Ben Yearsley, director at Fairview, comments: “It was an all-round fairly positive month. Many markets hit all-time highs, notably the Nikkei after 34 years, but also the S&P and Nasdaq again. With 14 all-time highs already for 2024, the S&P 500 is setting the early running driven by the Magnificent Seven. However, even China came to the party last month after more stimulus.”
Best Performing Funds in February
The best performing fund in February was Matthews China Small Companies, gaining 14% to partly offset the 12% January loss. On an annualised basis, the fund is still down 16% over the past three years, but over 10 years, the fund has gained an average of 8% yearly.
While all the funds in the list had double-digit growth in February, four of the eight China funds featured are still down on the year. Redwheel China Equity, which grew 13% in February, and Guinness China A Share, up 13% in February, are down 7% and 3%, respectively this year.
The list features two funds outside of the China equity category, too. The second-best performer in February was US large-cap fund GQG Partners US Equity – up 14% last month and 20% so far this year.
And yet again, we are talking about Nikko AM ARK Disruptive Innovation, the best performing fund of 2023, which fell to the bottom 10 in January. The fund is now back in the top 10 list after the Nasdaq highs.
Worst Performing Funds in February
The gold price has remained fairly steady at $2,052 an ounce at the end of the month compared to $2,057 in January. This did not help funds that hold gold stocks, though. As my colleague Fernando Luque wrote at the end of last year, precious metals mining are facing valuation challenges.
He writes: “The low return can be attributed to the capital-intensive nature of the mining industry, which is triggered by challenges in managing cost structures and exploration costs due to the scarce availability of these metals. In addition, risks of volatile commodity prices, geopolitical issues, and regulatory ecosystems further impact profit margins.”
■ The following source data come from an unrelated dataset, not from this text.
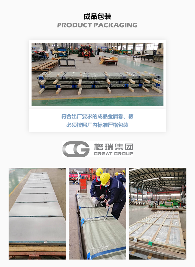 拿成品包裝來說,在大多數人眼里,金屬卷、板都是冷冰冰的“鐵”疙瘩,不怕摔,不怕壓,還需要什么包裝嗎?但在格瑞人眼里,符合出廠要求的成品金屬卷、板必須按照廠內標準嚴格包裝后才能發運。針對不同規格、尺寸的金屬卷、板,格瑞制定了一整套的包裝標準,例如板材包裝分為簡易包裝、木架包裝、出口鐵箱包裝等八種包裝方式,卷材包裝分為小卷快遞包裝、精包裝、全木箱包裝等十余種包裝方式。
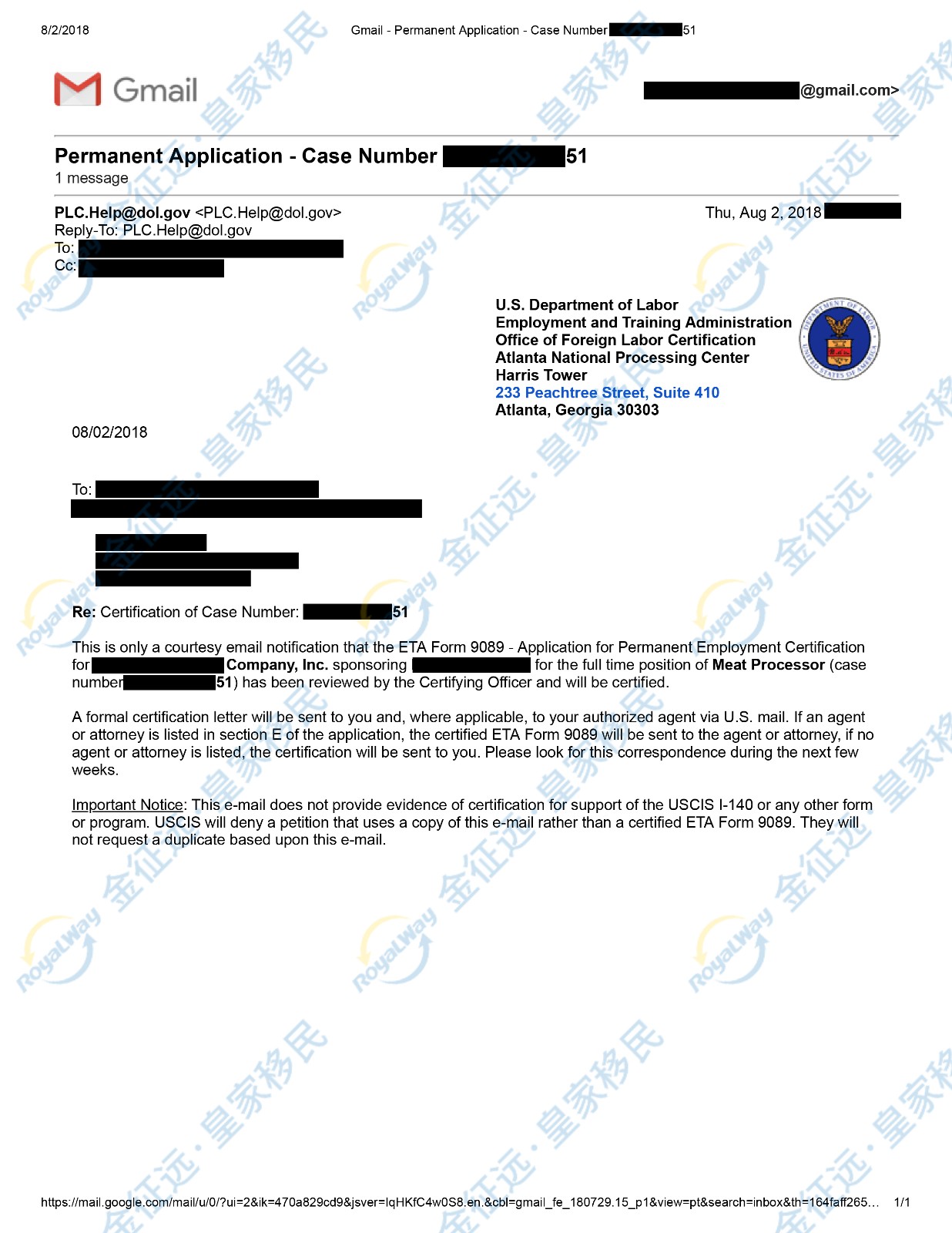 金征远皇家移民成功客户美国劳工卡部分展示
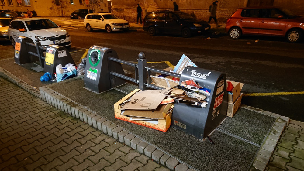 opět přeplněné kontejnery na tříděný odpad. 16.12. v 19:30. Uklidit kolem nich nestačí. Je třeba je častěji vyvážet.

The worst performer was ES Baker Steel Gold & Precious Metals, down 11%. The highest-rated fund among the bottom 10 was Gold-rated WS Ruffer Gold, which was down 7%.
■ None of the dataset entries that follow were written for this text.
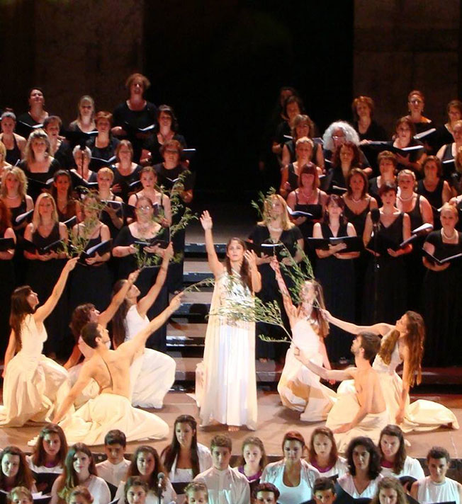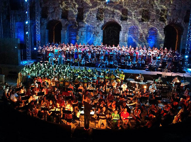 Οι θεατές στο κατάμεστο Θέατρο απόλαυσαν το κορυφαίο αυτό γεγονός το οποίο στο πρώτο μέρος του αποδόθηκαν έργα των Καρρέρ Παύλου, Λαυράγκα Διονύσιου και Σαμάρα Σπύρου, ενώ στο δεύτερο μέρος τραγουδήθηκαν και οι εικοσιτέσσερις ωδές του «Ύμνου Εις την Ελευθερία» του Διονυσίου Σολωμού από τις δώδεκα Επτανησιακές Χορωδίες, την Χορωδία του Δήμου Αθηναίων και την παιδική Χορωδία του Σπύρου Λάμπρου συνοδεία της Συμφωνικής Ορχήστρας του Δήμου Αθηναίων.
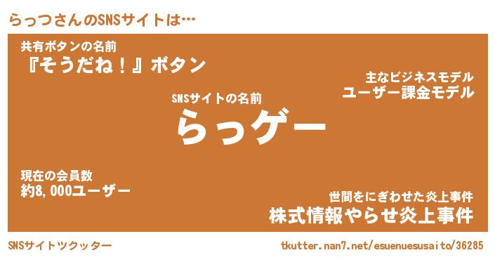 | 肩書あだ名 | 『らっつ店長』『らっつ国家主席』 |
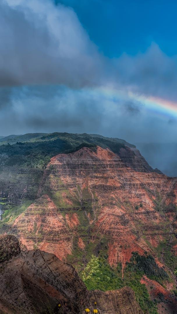 ワイメア渓谷とワイポオ滝にかかる虹 カウアイ島, 米国 ハワイ州 (© Beverley Van Praagh/Getty Images)
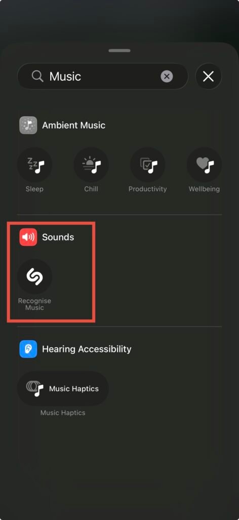 - Search for the keyword “Music” in the search and select “Recognise Music”.

Beyond the precious metals and natural resources categories, the worst performers also featured indirect property in Europe: Cohen & Steers European Real Estate and Premier Miton Pan European Property were down 7% and 6%, respectively.
Yearsley comments that the poor performance from property funds could be due to a change in outlook for interest rates, which may not fall as fast as the market was expecting. He adds: “The writing for physical property funds has been on the wall for many years and with the FCA too timid to make any kind of judgement on the sector it’s been left to fund managers to kill the sector.”